И вот здесь вступают в спор два немца – великий Гёте и малоизвестный ныне Клингер. По Гёте, добро, сотворенное Фаустом с помощью дьявола, принимается небесами как благо даже при условии, что от этого добра погибли невинные старики Филемон и Бавкида – лес рубят, щепки летят. За добрые свершения Фауст был прощен и вознесен на небо. Для Клингера подобный подход был неприемлем.
Гёте в чернокнижнике создал апофеоз капиталистическому миру, провозгласив изменение важнейшей идеи Библии: вместо «в начале было слово» поэт написал «вначале было дело». И в Фаусте миру был явлен гений дела и деловитый гений. Мудреца не смогли увлечь ни взаимная любовь, ни власть, ни деньги, ни слава, ни молодость, ни красота… Свой идеал он нашел в каждодневном труде! Правда, остается не ясным: а разве Фауст не трудился в своей первой жизни? Вот тут и появляется главная и основополагающая оговорка трагедии: счастье человека кроется не только в желанном, но и в осуществимом труде, причем Фаусту последнее обеспечил Мефистофель, олицетворяющий собой власть, золото (то бишь капитал) и все темное и преступное, что только есть в этом мире. Но именно осуществимость замысла в труде тешит душу Фауста (ему безразлично, какими средствами достигаются результаты его благостного труда) и заставляет его воскликнуть роковые слова:
– Остановись, мгновение, ты прекрасно!
Эти слова – знак смерти и передачи души во власть Мефистофеля. Спасенный Богом Фауст Гёте – великий мыслитель мира капитала, до мозга костей беспринципный и алчный, но ловко скрывшийся за велеречивой ширмой.
И более всего смущает парадоксальное понимание «Фауста» Гёте как произведения глубоко христианского (точнее было бы сказать протестантского), проникнутого идеями человеколюбия и сострадания.
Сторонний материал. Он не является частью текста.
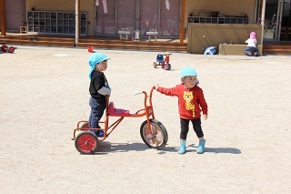 慣らし保育がスタートしています。新しい環境でいろんな経験と出会いをしています!笑って泣いて、たーくさんの刺激を受けながらの成長の一歩一歩です。とってもよいお天気の園庭で、のびのび遊んでいます♪

Фауст А.С. Пушкина создавался в 1825 г. в открытом споре с первой частью «Фауста» Гёте. Ключевыми словами «Сцены из “Фауста”» стала бессмертная фраза чернокнижника:
– Мне скучно, бес!
Фауст Пушкина – мудрец, пресытившийся жизнью, знанием, вседозволенностью… Если угодно, он Чайльд-Гарольд или сам Байрон, созревший для массового убийства. Скуки ради Фауст приказывает Мефистофелю утопить триста человек, скверных и не очень, который день они спешат из дальних странствий домой и в конце пути попались на глаза скучающему гению…
– Все утопить.
Этот вердикт Фауста Пушкина вскрыл глубинную сущность отрешенного от реального мира, замкнувшегося в своих замыслах человека-творца, для которого Бога нет, а дьявол – слуга его. Пресытившись доступностью всего желаемого, Фауст уже не знает, чего бы еще пожелать, ведь главная его беда – скучно!!! Тупик в конце познания мира, а не бесконечность. Впереди только гроб – для всех.
* * *
Рассказ о Фаусте был бы неполным, если не познакомить читателя со славянским Фаустом – паном Твардовским.
Пан Твардовский жил в Польше в XVI в. Согласно легенде, желая приобрести сверхъестественные познания и пожить в своё удовольствие, он продал душу дьяволу (на горе Кржемионке, близ Кракова). Когда по истечении условленного срока дьявол вознамерился увести Твардовского к себе, пройдоха спасся тем, что запел духовную песнь. С этого времени и поныне он осужден витать в воздухе между небом и землей до дня Страшного Суда. По другой версии пан Твардовский переселился на Луну.
Прославился он в годы правления короля Сигизмунда II Августа. Король влюбился и тайно от матери женился на Варваре Радзивилл. Когда о женитьбе узнали при дворе, разразился скандал, но Сигизмунд отказался развестись. В 1551 г. Варвара скоропостижно скончалась, предполагают, что она была отравлена по приказу свекрови. Овдовевший король был безутешен. Но однажды к нему явился пан Твардовский и за вознаграждение пообещал Сигизмунду встречу с любимой женой. Покойница и в самом деле вышла из зеркала, но затем навсегда исчезла, когда потрясенный вдовец бросился к ней с объятиями. Ныне предполагают, что Твардовский знал секрет «волшебных» зеркал древних египтян и таким образом обманул несчастного монарха. С этого времени и пошли гулять в народе легенды о великом чернокнижнике.
Крошка Цахес по прозванию Циннобер
Вряд ли кто станет отрицать мистическую гениальность Эрнста Теодора Гофмана. Тем более его потрясающую интуицию и прозорливость, одним из ярчайших образцов которой и стал Крошка Цахес. В отечественном литературоведении последний представляется довольно упрощенно – этакий возвышающийся над раболепной толпой немецко-нацистский диктатор, предсказанный мудрым Гофманом и явившийся на свет только в первой половине XX столетия. Эта примитивизация фатальным шлейфом закутала от нашего взора одну из страшнейших раковых опухолей человечества, которая изо дня в день точит и тянет к могиле все общество.